Phthalic acid reacts with resorcinol in the presence of concentrated H$$_2$$SO$$_4$$ to give:

Phthalic acid, when heated with concentrated sulfuric acid, first dehydrates to form phthalic anhydride. The reaction then proceeds with phthalic anhydride acting as an electrophile.

Resorcinol (1,3-dihydroxybenzene) has a highly activated benzene ring due to the presence of two electron-donating hydroxyl groups in the meta position. The ortho and para positions relative to each hydroxyl group are nucleophilic sites.

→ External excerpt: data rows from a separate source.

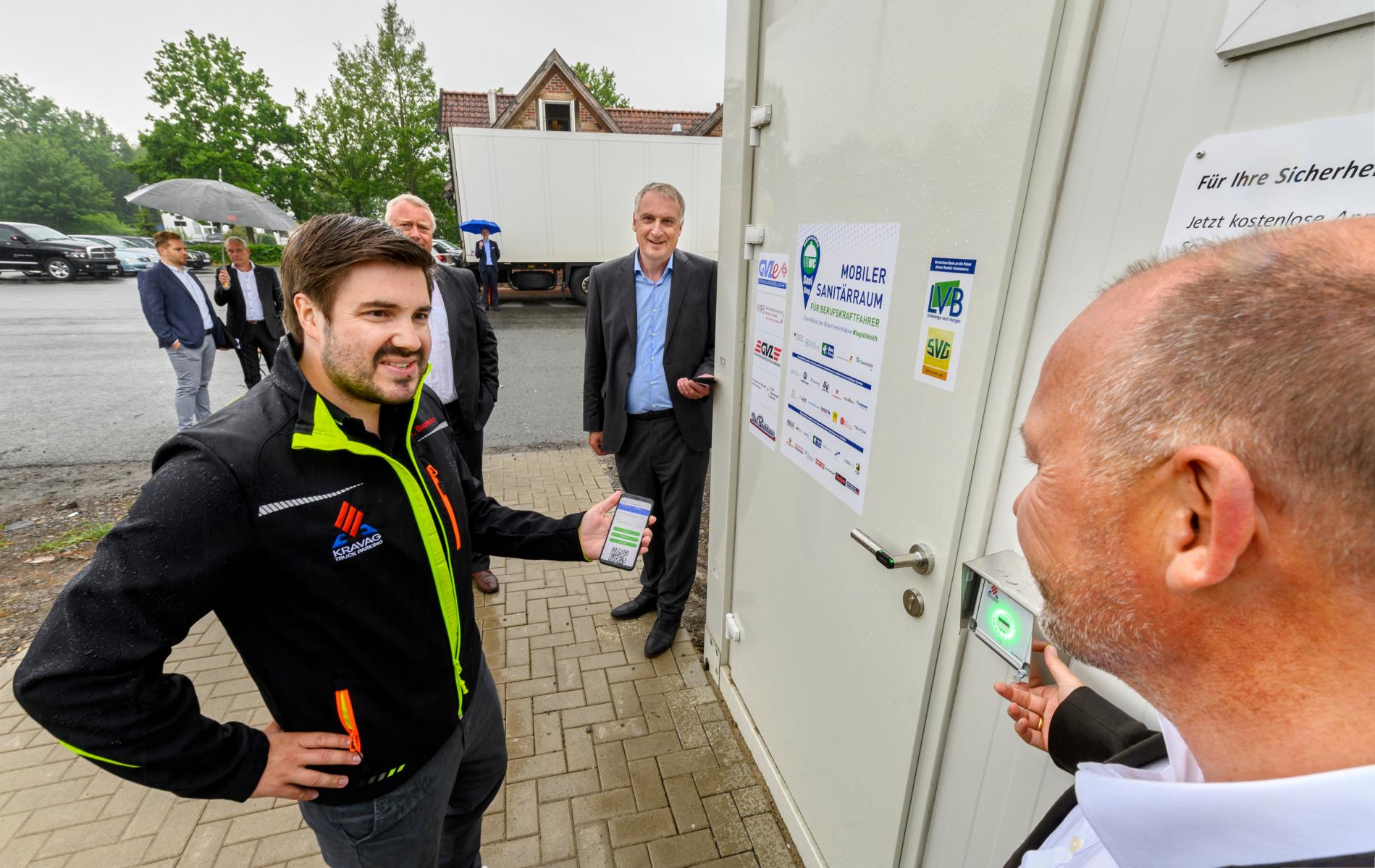 Unsere vielleicht wichtigste Reaktion auf die Corona-Lage war die Unterstützung der Aktion #LogistikHilft. Mitten im ersten Lockdown und damit den letzten Zügen unserer App-Entwicklung schlossen sich hier führende Unternehmen aus der Logistik mit dem Bundesverkehrsministerium sowie Verbänden wie dem BGL zusammen, um Fernfahrern neue Angebote im Bereich der sanitären Anlagen zu machen. Das Angebot der buchbaren Parkplätze im KRAVAG Truck Parking Netzwerk wird durch die Sanitärcontainer der Aktion #LogistikHilft perfekt ergänzt. Aktuell werden sechs Standorte durch private Initiativen betrieben. 19 weitere Standorte werden durch Bund und Länder entlang der Autobahnen bewirtschaftet.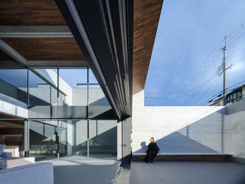 敷地は京都南部の閑静な住宅地。2方向の道路に面したL型の敷地には高低差があり南北に異なるファサードが存在します。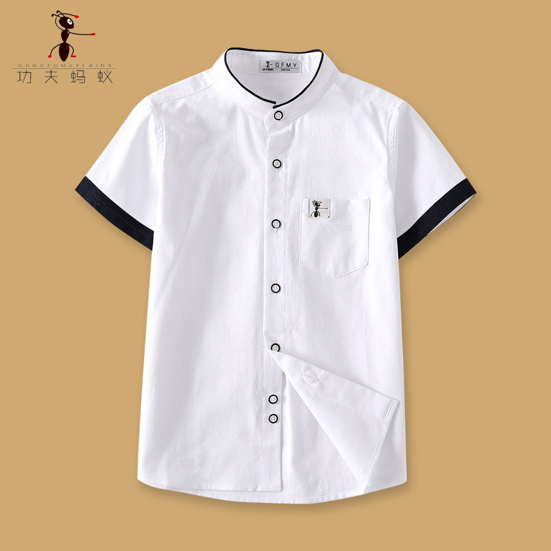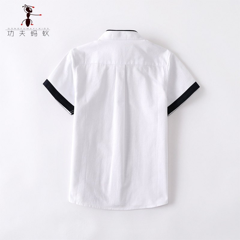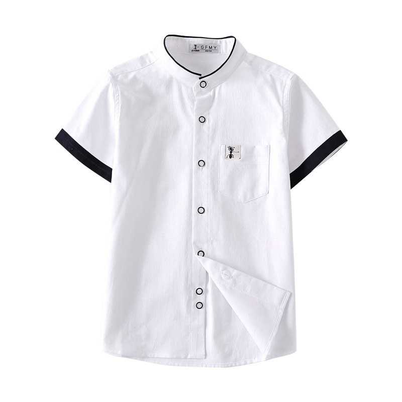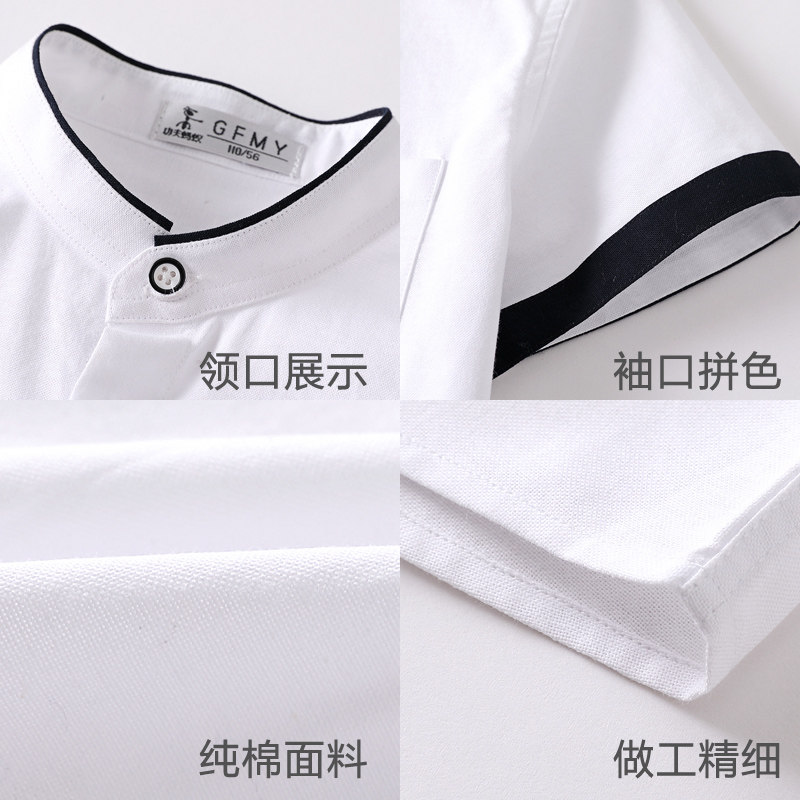 2021 Summer new children Black and white Short sleeves Shirt Tide College Wind Slim CUHK Boy Round Collar Shirt 5202

In the presence of concentrated H₂SO₄, phthalic anhydride undergoes electrophilic substitution with resorcinol. The carbonyl carbon of the anhydride attacks the para position of one hydroxyl group in resorcinol (specifically, the position between the two hydroxyl groups, which is highly activated). This forms an intermediate keto-acid:

$$\text{Phthalic anhydride} + \text{Resorcinol} \rightarrow \text{2-(2,4-dihydroxybenzoyl)benzoic acid}$$

This intermediate undergoes intramolecular cyclization: the carboxylic acid group attacks the ortho position relative to the other hydroxyl group in the resorcinol moiety. This forms a six-membered lactone ring, releasing a water molecule. The resulting compound is fluorescein, which has a xanthene ring system fused to a benzoic acid derivative.

Now, evaluating the options:

• Option A (Phenolphthalein) is formed from phthalic anhydride and phenol (not resorcinol).
• Option B (Alizarin) is formed from phthalic anhydride and catechol (1,2-dihydroxybenzene).
• Option C (Coumarin) is formed from salicylaldehyde and acetic anhydride, not from phthalic acid and resorcinol.
• Option D (Fluorescein) matches the product of phthalic anhydride and resorcinol.

Hence, the correct answer is Option D.